## TASK OBJECTIVE
Copy out every line of the data exactly; do not include the images.

## SUPPLIED DATA
Segment Open
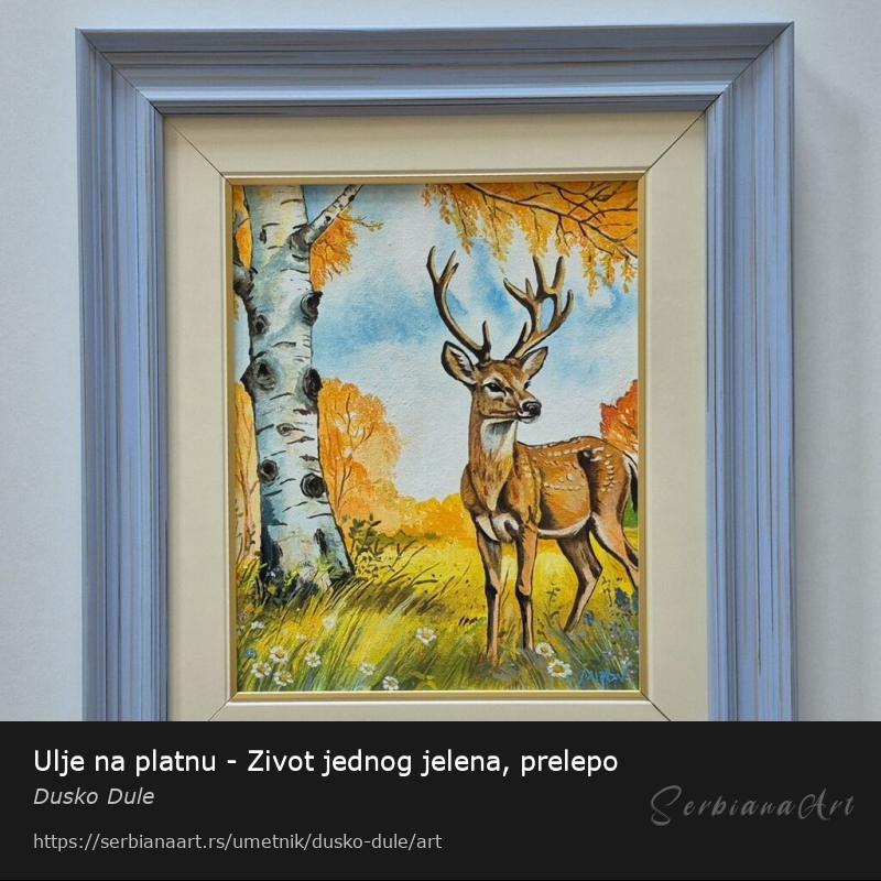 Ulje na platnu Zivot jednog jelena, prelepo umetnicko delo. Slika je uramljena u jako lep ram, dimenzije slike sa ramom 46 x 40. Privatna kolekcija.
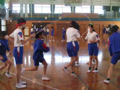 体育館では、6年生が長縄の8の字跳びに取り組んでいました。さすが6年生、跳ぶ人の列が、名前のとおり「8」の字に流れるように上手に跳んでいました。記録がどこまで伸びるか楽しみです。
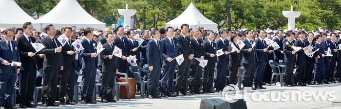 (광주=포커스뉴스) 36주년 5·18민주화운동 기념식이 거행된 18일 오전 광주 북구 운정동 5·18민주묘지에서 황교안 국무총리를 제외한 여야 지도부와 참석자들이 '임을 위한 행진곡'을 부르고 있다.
Segment Closed
## SOLUTION TO THIS PROBLEM
 Ulje na platnu Zivot jednog jelena, prelepo umetnicko delo. Slika je uramljena u jako lep ram, dimenzije slike sa ramom 46 x 40. Privatna kolekcija.
 体育館では、6年生が長縄の8の字跳びに取り組んでいました。さすが6年生、跳ぶ人の列が、名前のとおり「8」の字に流れるように上手に跳んでいました。記録がどこまで伸びるか楽しみです。
 (광주=포커스뉴스) 36주년 5·18민주화운동 기념식이 거행된 18일 오전 광주 북구 운정동 5·18민주묘지에서 황교안 국무총리를 제외한 여야 지도부와 참석자들이 '임을 위한 행진곡'을 부르고 있다.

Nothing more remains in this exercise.